Menschen hingegen wurden in die physische Welt hinuntergeschickt, die unendlich weit von jenen erhabenen Welten entfernt ist, aus denen ihre Seelen stammen. Um der Seele den Aufenthalt in dieser Welt überhaupt zu ermöglichen, wurde sie in einen physischen Körper gekleidet, der den größten Teil ihrer Erinnerungen einfach hinausfiltriert. Das ermöglicht den Menschen, die G-ttliche Gegenwart zu ignorieren und gegen des Schöpfers Willen zu verstoßen, - und zwar ohne sich dem Falschsein seines Handelns bewusst zu werden. Allerdings nicht ganz, denn manchmal kommt die Seele plötzlich zum Ausdruck, sei es durch das Lesen eines uns sehr ansprechenden Textes über Spiritualität, oder durch das Lesen von Psalmen (Tehillim), die uns sehr beruhigen, obwohl wir den Inhalt vielleicht intellektuell gar nicht verstehen, oder durch das Sagen von hebräischen Gebeten: Die Seele genießt diese Aktivitäten, so dass wir uns manchmal mit ihren Gefühlen identifizieren können.

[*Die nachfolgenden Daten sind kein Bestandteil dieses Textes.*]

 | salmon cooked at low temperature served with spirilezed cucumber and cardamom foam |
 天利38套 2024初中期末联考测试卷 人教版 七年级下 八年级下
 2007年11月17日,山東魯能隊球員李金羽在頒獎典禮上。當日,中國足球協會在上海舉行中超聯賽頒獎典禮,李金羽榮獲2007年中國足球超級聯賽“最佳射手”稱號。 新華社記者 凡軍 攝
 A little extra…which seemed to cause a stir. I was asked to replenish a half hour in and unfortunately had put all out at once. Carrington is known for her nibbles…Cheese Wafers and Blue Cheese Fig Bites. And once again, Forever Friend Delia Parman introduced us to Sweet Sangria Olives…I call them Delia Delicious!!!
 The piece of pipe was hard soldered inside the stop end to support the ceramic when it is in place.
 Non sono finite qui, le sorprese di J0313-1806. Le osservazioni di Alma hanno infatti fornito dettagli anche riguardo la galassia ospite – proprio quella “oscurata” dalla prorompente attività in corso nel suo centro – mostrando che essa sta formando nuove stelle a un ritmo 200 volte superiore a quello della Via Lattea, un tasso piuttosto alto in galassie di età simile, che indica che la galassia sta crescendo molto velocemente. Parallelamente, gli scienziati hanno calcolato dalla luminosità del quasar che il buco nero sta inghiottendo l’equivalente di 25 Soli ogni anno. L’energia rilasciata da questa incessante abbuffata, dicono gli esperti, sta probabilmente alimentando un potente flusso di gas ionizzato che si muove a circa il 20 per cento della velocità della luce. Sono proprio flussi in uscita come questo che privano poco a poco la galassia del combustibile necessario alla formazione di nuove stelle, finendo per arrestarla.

Weil wir uns in der physischen Welt befinden, haben wir freie Wahl und unsere Taten Einfluss. Unsere Handlungen wirken sich zwar in dieser Welt aus, werden aber hinaufgeschickt und veranlassen G-tt, auf unsere Taten zu reagieren. Für unsere Handlungen sucht G-tt nach dem besten Weg zum Erzielen optimalen Resultate, wobei die Initiative vom Menschen kommen muss. G-tt wird ihm helfen, das Gewählte zu erreichen. Er mag sogar den Menschen in die richtige Bahn lenken, doch Er wird ihn nicht zwingen, etwas gegen seinen Willen zu tun, selbst wenn es das Richtige wäre. Die Aktionen des Menschen finden in der physischen Welt statt. Doch treibt ihn die Sehnsucht nach den erhabenen Welten, aus denen seine Seele hinunterstieg, zur Handlung an. Daher beginnt des Menschen Laufbahn oben, von wo er hinuntergeschickt wurde, damit er ebenfalls Seinen Willen ausführe.

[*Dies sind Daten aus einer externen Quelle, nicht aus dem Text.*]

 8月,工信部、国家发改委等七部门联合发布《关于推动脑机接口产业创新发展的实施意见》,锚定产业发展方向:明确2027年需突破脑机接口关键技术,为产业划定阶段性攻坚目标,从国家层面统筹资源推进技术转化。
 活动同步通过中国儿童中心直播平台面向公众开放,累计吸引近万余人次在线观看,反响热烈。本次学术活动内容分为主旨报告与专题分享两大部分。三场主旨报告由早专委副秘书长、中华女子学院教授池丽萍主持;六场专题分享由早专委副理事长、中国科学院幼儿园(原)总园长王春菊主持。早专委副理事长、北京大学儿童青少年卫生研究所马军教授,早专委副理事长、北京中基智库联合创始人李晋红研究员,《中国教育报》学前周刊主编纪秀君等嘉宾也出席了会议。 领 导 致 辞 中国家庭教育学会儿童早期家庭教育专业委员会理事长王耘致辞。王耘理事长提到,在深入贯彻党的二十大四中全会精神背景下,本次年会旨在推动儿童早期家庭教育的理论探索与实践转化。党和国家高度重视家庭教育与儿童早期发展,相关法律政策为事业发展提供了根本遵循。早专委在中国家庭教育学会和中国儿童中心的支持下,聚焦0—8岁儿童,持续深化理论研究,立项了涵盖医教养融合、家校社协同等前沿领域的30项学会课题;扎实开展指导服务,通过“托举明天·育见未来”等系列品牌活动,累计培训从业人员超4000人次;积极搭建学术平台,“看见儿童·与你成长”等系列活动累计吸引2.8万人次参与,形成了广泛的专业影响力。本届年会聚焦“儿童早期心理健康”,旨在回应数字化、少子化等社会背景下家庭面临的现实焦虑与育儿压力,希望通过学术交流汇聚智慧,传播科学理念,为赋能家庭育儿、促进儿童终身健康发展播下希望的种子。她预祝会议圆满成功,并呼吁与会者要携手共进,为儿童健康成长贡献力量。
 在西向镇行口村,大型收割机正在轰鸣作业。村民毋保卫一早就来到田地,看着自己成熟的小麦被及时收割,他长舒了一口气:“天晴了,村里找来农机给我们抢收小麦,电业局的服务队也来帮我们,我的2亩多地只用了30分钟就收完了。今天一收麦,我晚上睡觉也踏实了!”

Was passiert nun aber, wenn wir die Initiative ergreifen, etwas gegen Seinem Willen zu tun? Wir sind frei zu handeln, wie es uns beliebt, - aber die Resultate unserer Aktionen entscheidet Er. Wenn wir z.B. einen Lottoschein ausfüllen, so wissen wir aus Erfahrung, dass wir noch lange nicht gewinnen müssen!

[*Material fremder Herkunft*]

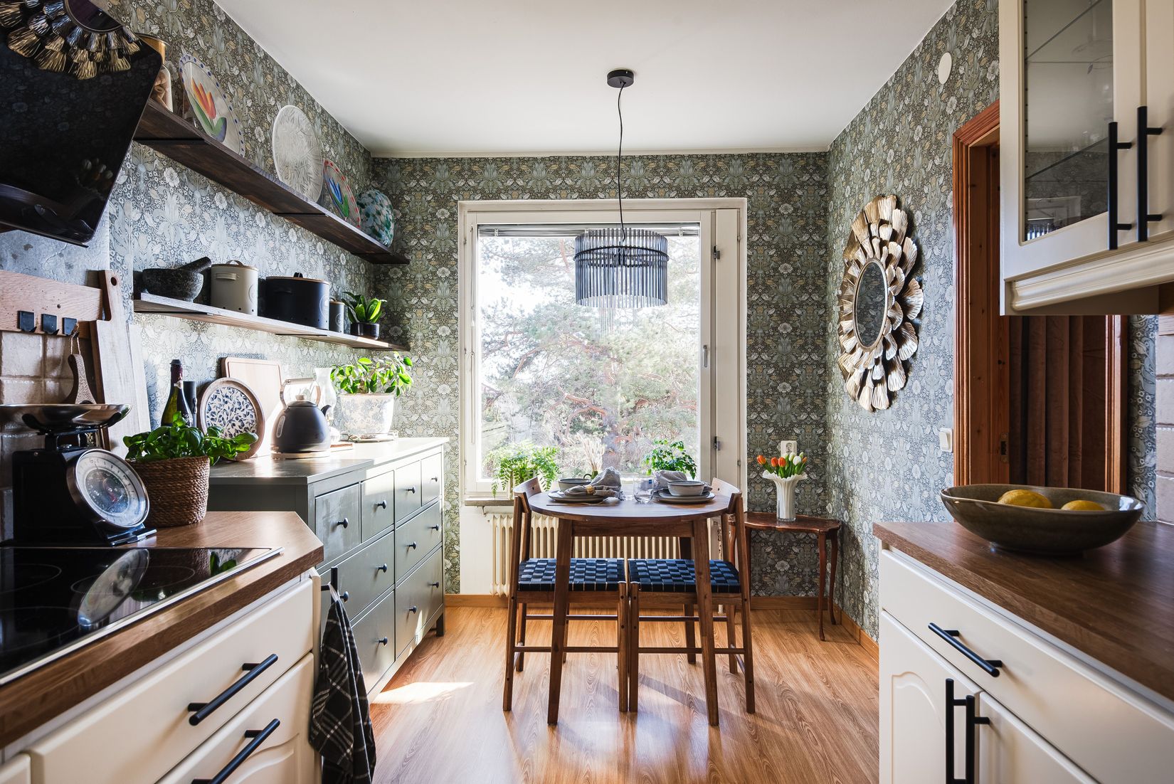 Vardagsrummet är rymligt och lättmöblerat med plats för både soffgrupp och matdel. Köket är funktionellt och erbjuder bra arbetsytor samt plats för matbord.
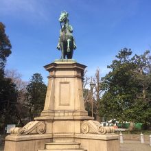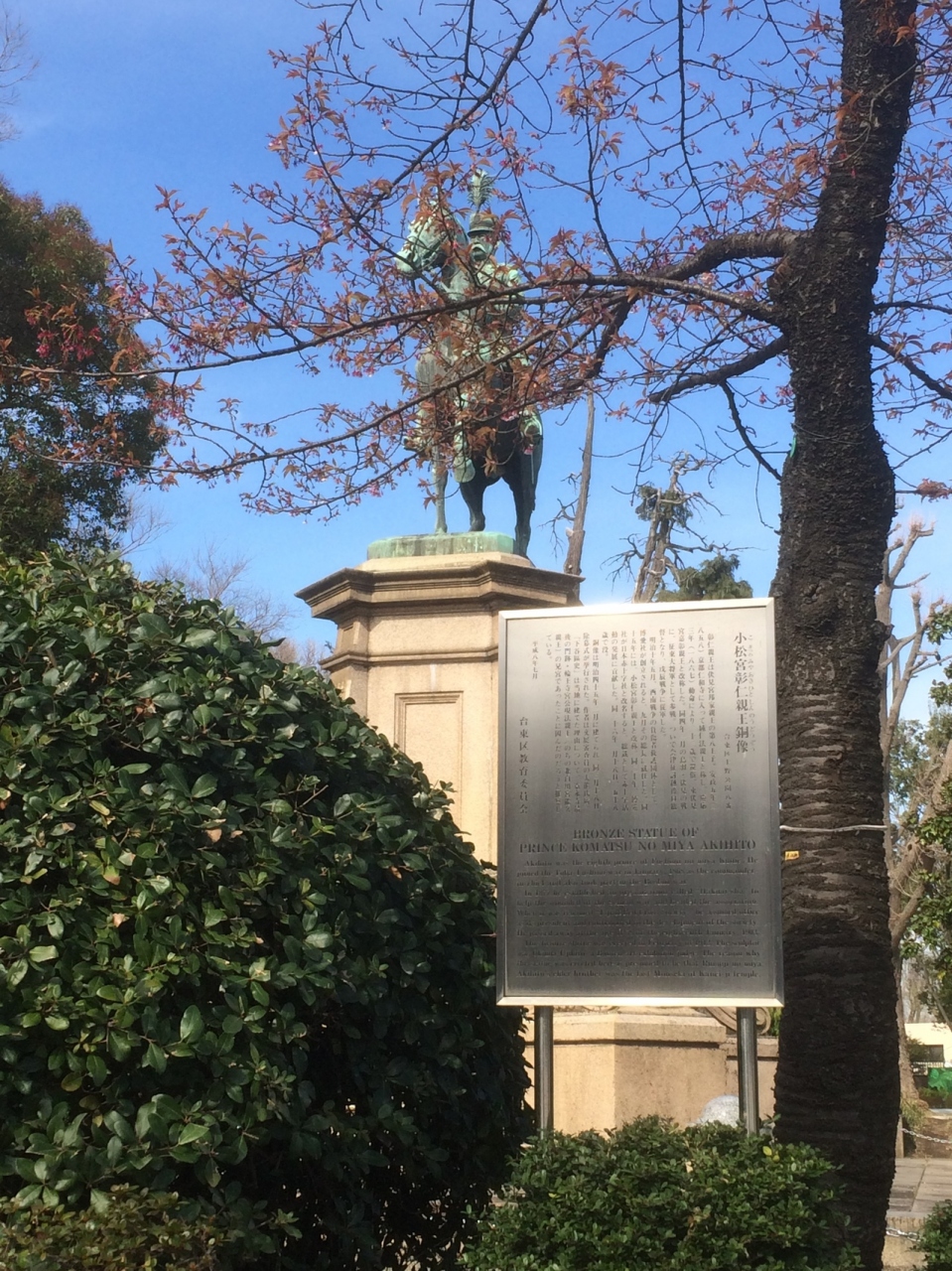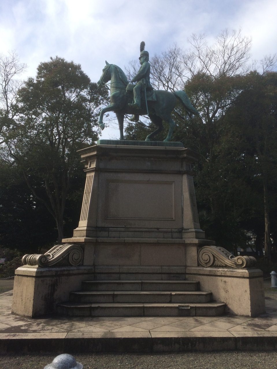 鳥羽伏見の戦いに征夷大将軍として参戦した人の像で、土台の石の上に馬に跨り、馬の左足が少し上がり行進しているような姿でした。人物像は軍服姿で帽子を被り、権威ある姿でした。高い位置にあるので見上げて見学となります。
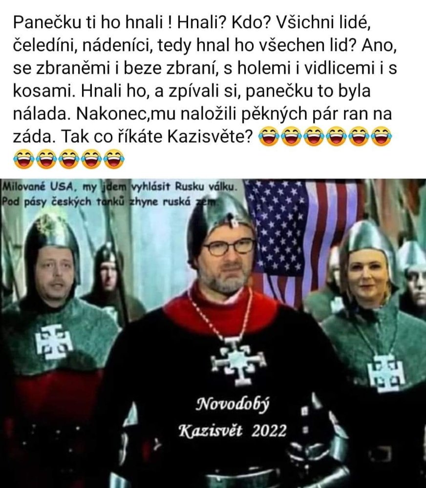 Sentik: vtip nema davat smysl, ale je preci jen pro zasmani a udelanej od priznivcu ci odpurcu, satira byla na kazdou vladu, bohuzel dneska by za SODU z 90tek byl kriminal a tohle je vetsi problem jak tenhle vtipek. Nechapu co je na nem rusofilniho?
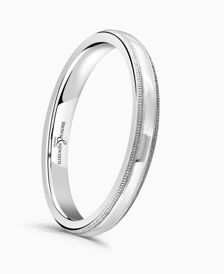 Handcrafted by Brown & Newirth; our classic court profile with mill grain edge detail, presented in a medium gauge.
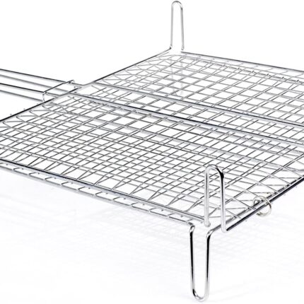 Graticola doppia incrociata chiusa senza piedi. Filo in ferro, acciaio cromato. Misure: 40 x 45 cm Made in Italy

Wenn aber G-tt das Beste für uns bereits kennt, warum organisiert Er uns dann nicht automatisch das Richtige, sondern verlangt, dass wir drei Mal täglich - womöglich noch um das Falsche - beten? Admor von Biale sagt in seinem Buch "Techias Hamejsim", dass der Ewige mit Freuden bereit ist, durch überzeugende Argumente ein von ihm erlassenes Dekret zu annullieren, sobald ein Mensch Ihn darum bittet. Da erhebt sich die Frage, was passiert, wenn der Mensch inständig um etwas gar nicht so Wünschenswertes bittet? Genau hier liegt der Unterschied zwischen der Bevorzugung, wie sie auch im Tierreich existiert, und der freien Wahl, wie sie dem Menschen zu eigen ist: Wenn ein Mensch nach dem Dawnen (Beten) derselbe Mensch wie vorher geblieben ist, dann wurde etwas versäumt. Denn der Mensch versucht etwas möglichst Gutes zu finden, das er dem Befragten als Gegenleistung bieten kann, wenn er ihn um etwas bittet. So wird er jedes Mal, wenn der Mensch eine Anfrage an den Ewigen richtet, Ihm auch "entgegenzukommen" versprechen. Da die spirituelle Entwicklung des Menschen das Einzige G-tt Interessierende ist, was durch Tora-Lernen und Mizwot-Ausführen gefördert wird, verspricht selbst ein sich sonst nur wenig um sein Judentum kümmernder Mensch intuitiv, dass er z.B. öfter zur Synagoge gehen, jeden Morgen das "Schma Jisrael" lesen, älteren Leuten behilflich sein, den Schiur des Rabbiners besuchen werde, um seiner Bitte Nachdruck zu verleihen. So kann es nach dem Dawnen sein, dass das Erbetene plötzlich wünschenswert geworden ist. Wie uns die Tora lehrt, kommt nicht nur der Charakter eines Menschen durch seine Taten zum Ausdruck, sondern seine Taten haben direkten Einfluss auf seinen Charakter. Wenn also jemand seinem Mitmenschen hilft, dann hat er nicht nur eine gute Tat vollbracht, sondern wurde auch zu einem besseren Menschen. Und je mehr solche Taten er ausführt, desto tiefer integriert sich in seinem Wesen das Bild eines hilfsbereiten Menschen, bis es wirklich ein Teil von ihm ist. Der Mensch kann nicht nur anders handeln, sondern er kann anders werden, wenn er es wünscht. Die Tora als Gebrauchsanleitung dieser Welt, die uns übrigens von ihrem "Bauingenieur" selbst gegeben wurde, lehrt uns Menschen, wie wir diese Veränderungen in uns bewirken.